Be sure to study the help articles on Seamless Tiling, Size and Discrete Filters as a technical primer for this section.

The Case against Frame Components

A popular tell-tale sign of sloppy filter construction is 'broken' Seamless Tiling, or - more correctly - a faulty reaction to the Size control slider, which effectively breaks filter output and renders it useless. This occurs when components that react to the global Size parameter (i.e. those that tile/repeat) are carelessly mixed with those that are unaffected by Size (i.e. those that do not tile/repeat). Currently, there exist several components which are 'non-tiling' by nature, the most infamous being the Frame component. It is this very component that often is the cause for seamless tiling problems, as we shall see below.

Image:Case against frame components 01.GIF

In the example above, two Profile Gradients are used in conjunction with a Frame component to construct the head of a screw. While the result appears to be technically sound at first, it breaks as soon as the Size, pixels control is used. The Profile Gradients tile (i.e. they are affected by Size) but the Frame component does not (i.e. it is unaffected by Size). The result? Certainly not an Editor's Pick! ;)

Image:Case against frame components 02.GIF

So how do we go about fixing this? Simple: If we replace the Frame component with a component that is affected by the Size parameter, such as Tiles, the seamless tiling via Size works correctly again! What do we learn from this? Always use Frame components with discretion!
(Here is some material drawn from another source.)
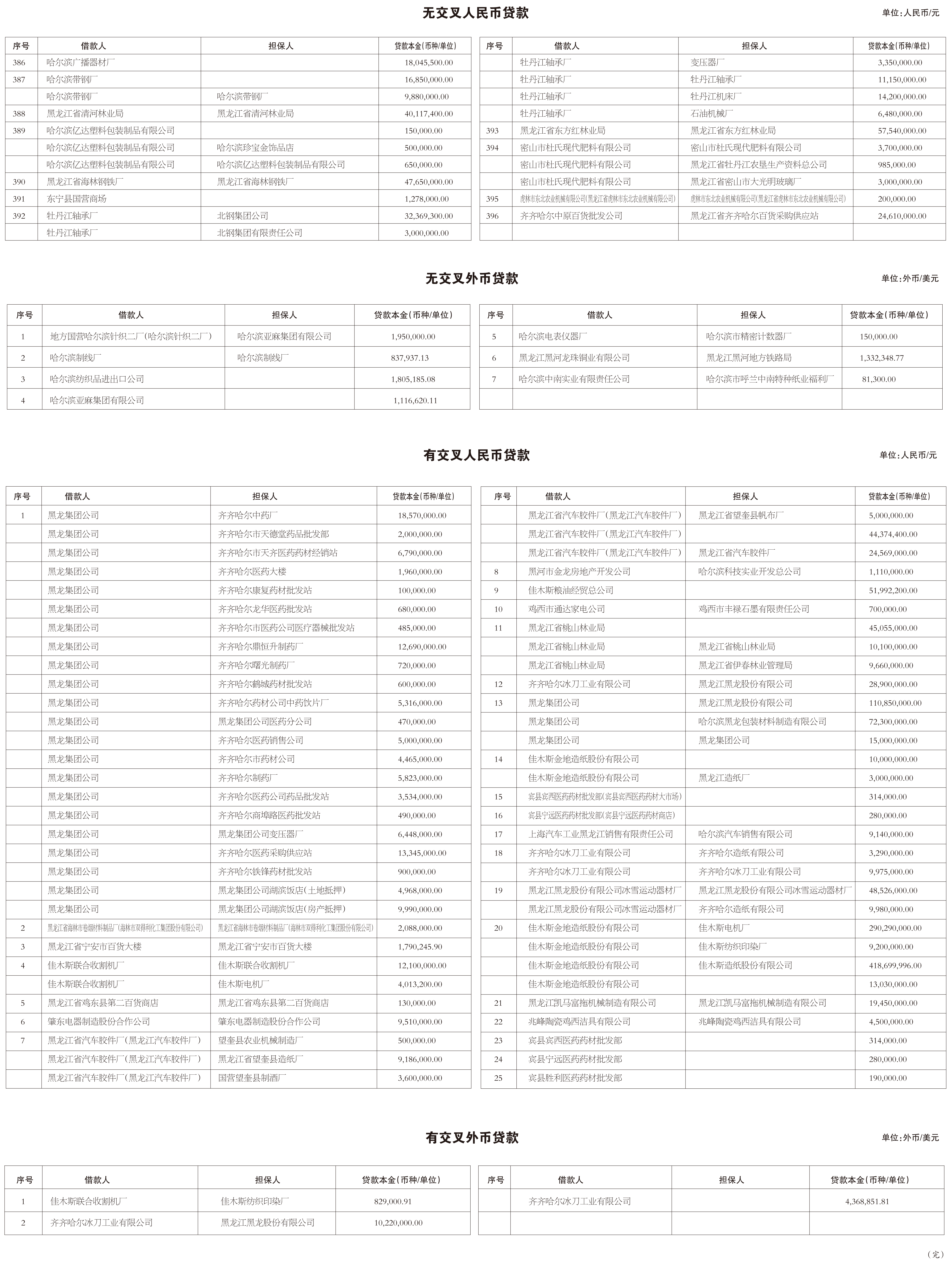 根据原中国银监会《中国银监会关于中国长城资产管理公司改制设立中国长城资产管理股份有限公司有关事项的批复》(银监复【2016】394号)文件精神, 经哈尔滨市南岗区市场监督管理局核准,中国长城资产管理公司哈尔滨办事处变更为“中国长城资产管理股份有限公司黑龙江省分公司”。现根据国家的有关法律和国务院、财政部、人民银行、最高人民法院的有关规定,中国长城资产管理股份有限公司黑龙江省分公司依法向下列债务人、担保人及债务人、担保人的承继人就下述全部债权及至债权被全部清偿完毕之日止所发生的利息主张权利。现以公告方式通知下列债务人、担保人及债务人、担保人的承继人在本公告发布后立即向中国长城资产管理股份有限公司黑龙江省分公司清偿债务,履行相应的义务。若债务人、担保人因各种原因发生更名、改制、歇业、吊销营业执照或者丧失民事主体资格等情形,请相关承债主体、清算主体代为履行义务或者承担清偿责任。

Remember that Size is a global parameter hard-wired to every filter. It is integral to seamless tiling, it cannot be disabled, and it does not go away, no matter how many big red "Don't touch that damned Size slider, you ยง$%&" stickers you slap onto your filters. Consequently, it makes a lot of sense to get into the habit of constructing filters in ways that correctly utilize the Size, pixels control.

The following components are considered discrete:

Components not affected by Size are:

"Yeah ok, but now you totally screwed up my filter! I want one screw-head, not four, or sixteen!" some might object. Well, that's a valid objection and a demand quite possible to satisfy. However, let us save this for a later discourse. ;)

-- Crapadilla

Odd-numbered Tiling

Image:Odd numbered tilings 01.gif

"What the... !? Why can't I get a single tile out of this?"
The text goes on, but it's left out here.